**Input data:**
-------

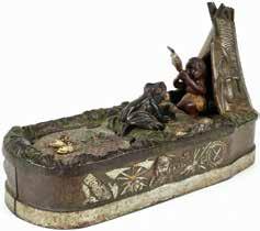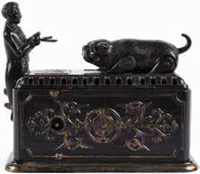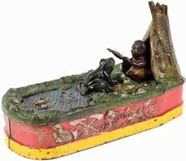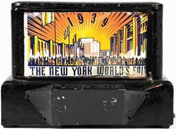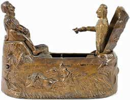 4 - 1/2” x 3 - 1/2” x 3 - 5/8”. Nice image of man riding in kayak. Has name H. D. Bitley in gold gilt. Great detail. Dated 1904. (Excellent) 500 - 1,500
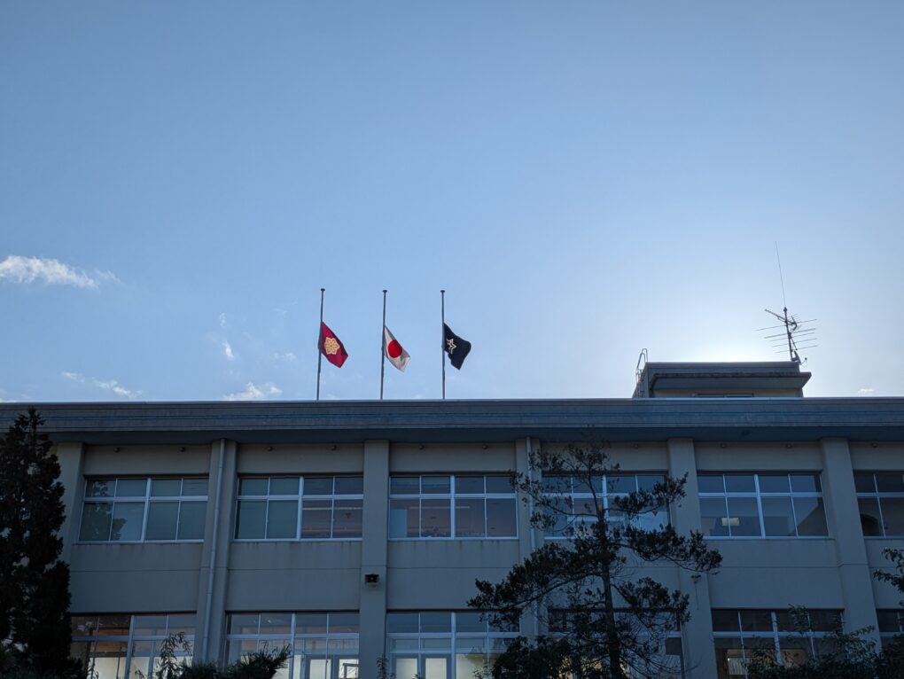 令和8年3月11日(水)、東日本大震災発生15年となるこの日、本校においても半旗で弔意表明をしました。
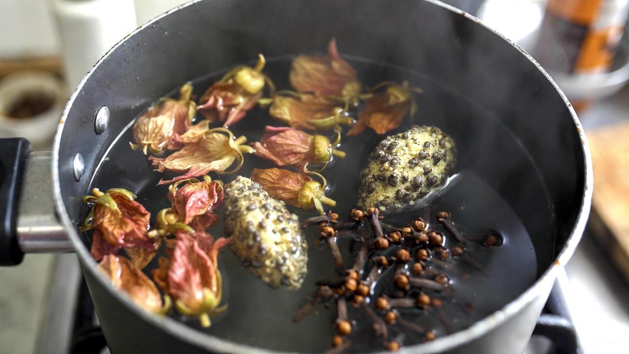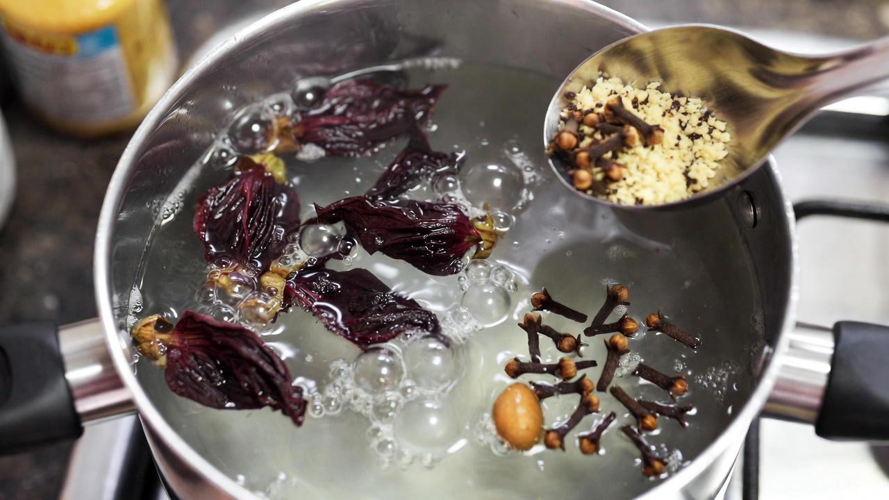 - Add hibiscus flowers, cloves, and grated avocado seed.
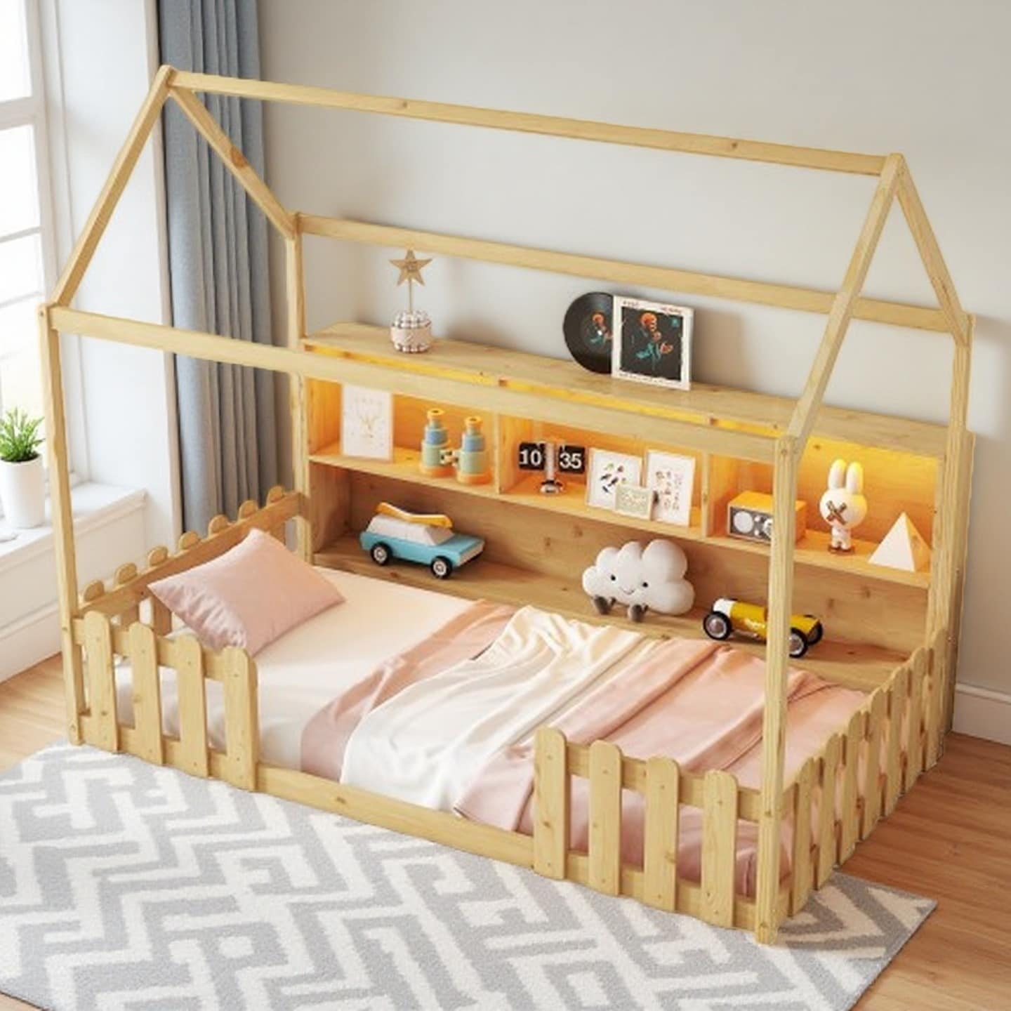 Twin Wooden House Bed with LED Light, Built-in Bookshelf & Safety Guardrails

-------

**Exercise aim:** Without the pictures, repeat the line with "- Add hibiscus" and every line after it to the end of the listing, and nothing else.

**Result of this exercise:**
 - Add hibiscus flowers, cloves, and grated avocado seed.
 Twin Wooden House Bed with LED Light, Built-in Bookshelf & Safety Guardrails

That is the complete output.